Say you're hosting a web service, where users are allowed to submit one Job every 30 seconds. Jobs can take more than 30 seconds, so the solution is more complex than setting `stop_id = user_id`. And what if you want to stop the new Job instead of the old one?

```r
rate_limit <- function (job) {

  job$t_start <- Sys.time()

  for (j in job$queue$jobs)
    if (j$user_id == job$user_id)
      if (job$t_start - j$t_start < 30)
        job$stop('Rate Limit Exceeded')
}

q <- Queue$new(hooks = list(submitted = rate_limit))

j_A1 <- q$run({ 42 }, user_id = 'A')
j_B1 <- q$run({ 42 }, user_id = 'B')
j_B2 <- q$run({ 42 }, user_id = 'B')

j_B1$result
#> [1] 42

j_B2$result
#> <interrupt: Rate Limit Exceeded>
```

Note that the above code won't completely solve the rate limiting task.

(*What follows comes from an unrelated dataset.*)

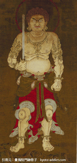 曼殊院門跡の国宝・黄不動は、三井寺が所有する国宝「絹本著色・不動明王像(黄不動尊)」の模写なのですが、模写の中では最も古く、絵画表現上の秀逸さから国宝に指定されているというちょっと珍しい国宝です。

If a user's Job only takes five seconds to complete, then they could submit a Job every six seconds and the Queue would be none the wiser.

To give the Queue awareness of previously completed Jobs, you'll need to persistently store per-user Job start times - like in the below solution.

```r
t_user <- list()

rate_limit <- function (job) {
  t_start <- Sys.time()
  t_diff  <- t_user[[job$user_id]] - t_start
  if (isTRUE(t_diff < 30)) { job$stop('Rate Limit Exceeded')   }
  else                     { t_user[[job$user_id]] <<- t_start }
}

q <- Queue$new(hooks = list(created = rate_limit))
```

In the first example, we attached a hook to `'submitted'` because that's when `<Job>$queue` becomes available in callbacks. In the latter example, we attached a hook to `'created'` instead because we didn't need `<Job>$queue` for that solution. Check the trigger order listed in the "Callback Triggers" section above, and attach callbacks as early as possible to expedite Job handling.